= TCP/IP stack fingerprinting =

Remote detection of the characteristics of a TCP/IP stack

Passive OS Fingerprinting method and diagram.

TCP/IP stack fingerprinting is the remote detection of the characteristics of a TCP/IP stack implementation. The combination of parameters may then be used to infer the remote machine's operating system (aka, OS fingerprinting), or incorporated into a device fingerprint.

== TCP/IP fingerprint specifics ==

Certain parameters within the TCP protocol definition are left up to the implementation. Different operating systems, and different versions of the same operating system, set different defaults for these values. By collecting and examining these values, one may differentiate among various operating systems and implementations of TCP/IP. The TCP/IP fields that may vary
include the following:

- Initial packet size (16 bits)
- Initial TTL (8 bits)
- Window size (16 bits)
- Max segment size (16 bits)
- Window scaling value (8 bits)
- "don't fragment" flag (1 bit)
- "sackOK" flag (1 bit)
- "nop" flag (1 bit)

These values may be combined to form a 67-bit signature, or fingerprint, for the target machine. Just inspecting the Initial TTL and window size fields is often enough to successfully identify an operating system, which eases the task of performing manual OS fingerprinting.

== Protection against and detecting fingerprinting ==

Protection against the fingerprint doorway to attack is achieved by limiting the type and amount of traffic a defensive system responds to. Examples include blocking address masks and timestamps from outgoing ICMP control-message traffic, and blocking ICMP echo replies. A security tool can alert to potential fingerprinting: it can match another machine as having a fingerprinter configuration by detecting its fingerprint.

Disallowing TCP/IP fingerprinting provides protection from vulnerability scanners looking to target machines running a certain operating system. Fingerprinting makes attacks easier. Blocking these ICMP messages is just one of a number of defenses needed to fully protect against attacks.

Targeting the ICMP datagram, an obfuscator running on top of IP in the internet layer acts as a "scrubbing tool" to confuse the TCP/IP fingerprinting data. These exist for Microsoft Windows, Linux and FreeBSD.
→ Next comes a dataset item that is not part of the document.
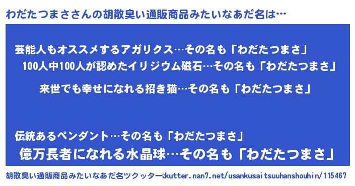 | 肩書あだ名 | 『わだたつまさ先生』『わだたつまさ総統』 |

== Fingerprinting tools ==
A list of TCP/OS Fingerprinting Tools
- Zardaxt.py – Passive open-source TCP/IP Fingerprinting Tool.
- Ettercap – passive TCP/IP stack fingerprinting.
- Nmap – comprehensive active stack fingerprinting.
- p0f – comprehensive passive TCP/IP stack fingerprinting.
- NetSleuth – free passive fingerprinting and analysis tool
- PacketFence – open source NAC with passive DHCP fingerprinting.
- Satori – passive CDP, DHCP, ICMP, HPSP, HTTP, TCP/IP and other stack fingerprinting.
- SinFP – single-port active/passive fingerprinting.
- XProbe2 – active TCP/IP stack fingerprinting.
- queso - well-known tool from the late 1990s which is no longer being updated for modern operating systems.